Step 4: Create site_local_config.py

This step is to create the site_local_config.py file for setting up all of a site's LLMs. This can be done in one Python file that includes both updates to the LLM_CONFIG and callback functions that coordinate the calls out to the LLMs. The content of the callback functions largely depend upon the site-local LLM APIs.

There is a template inside the docker image for trovares/desktop_backend, or you can use the template shown here:

def call_onprem_llm(llm_config: dict, llm_credentials: dict = {},
                    question: str = None, prompt: str = None, history: list = [],
                    **kwargs) -> str:
    import requests
    model = llm_config.get('model', "")
    headers = {"User-Agent": "LLM Client"}
    prompt = f"<s> {prompt}\n[INST]{question}[/INST]</s>"

    payload = {
        "prompt": prompt,
        "model": model,
        "temperature": 0.05,
        "max_tokens": 5000,
        "history": history,
    }
    response = requests.post('https://my.local.llm:6502/api/v1/query',
                             headers=headers, json=payload)
    response_json = response.json()
    if response.status_code != 200:
        current_app.logger.error(f"Error: {response_json['error']}")
    response_text = response_json['choices'][0]['text'].strip()
    print(f"> Query: {prompt}", flush=True)
    print(f"> Response: {response_text}", flush=True)
    return response_text


# Add these site-local LLM configurations
LLM_CONFIG_local_add = {
    'OnPremLLM': {
        'fields': [],
        'model': 'Trovares',
        'callback': 'call_onprem_llm',
    },
}

# Delete these LLM names from the default configuration
LLM_CONFIG_local_delete = [
    'Example-LLM-name'
]

# Replace existing (all the default configuration) with these
# LLM_CONFIG_local_replace = {
#     'Your-Onprem-LLM-name': {
#     },
# }

Step 5: Restart Trovares Desktop with site-local configuration

A convenient way to do this configuration and have it enabled every time the app is restarted, place the site_local_config.py file in the same directory as your docker-compose.yml file.
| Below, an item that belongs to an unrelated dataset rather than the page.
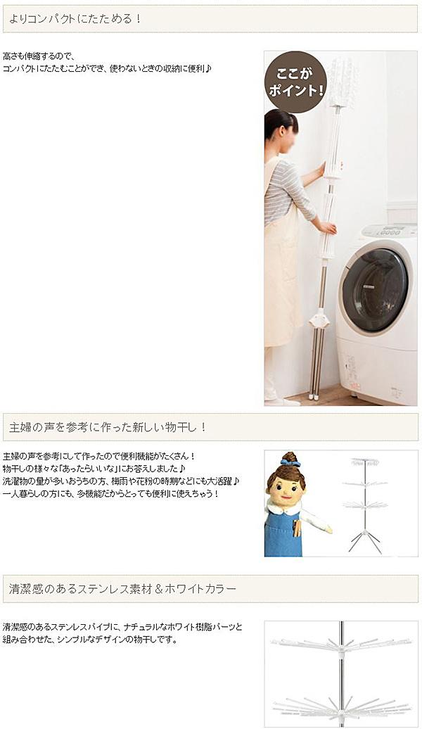 ●清潔感のあるステンレスパイプに、ナチュラルなホワイト樹脂パーツと組み合わせたシンプルなデザインの物干しです。

Then add this line to the docker-compose.yml file in the “volumes” section of the “backend” service:

     - ${PWD}/site_local_config.py:/app/site_local_config.py:ro

Now you can do this sequence of shell commands:

$ docker compose down

$ docker compose up -d

You can confirm that the site-local configuration took effect by going to the user Settings, the data explorer, or the schema explorer of the Trovares Desktop and click on the LLM pull-down menu. If authentication values are required for your site-local LLM, then you will need to enter those for yourself in the user Settings, and all your users will need to do that for their login accounts as well.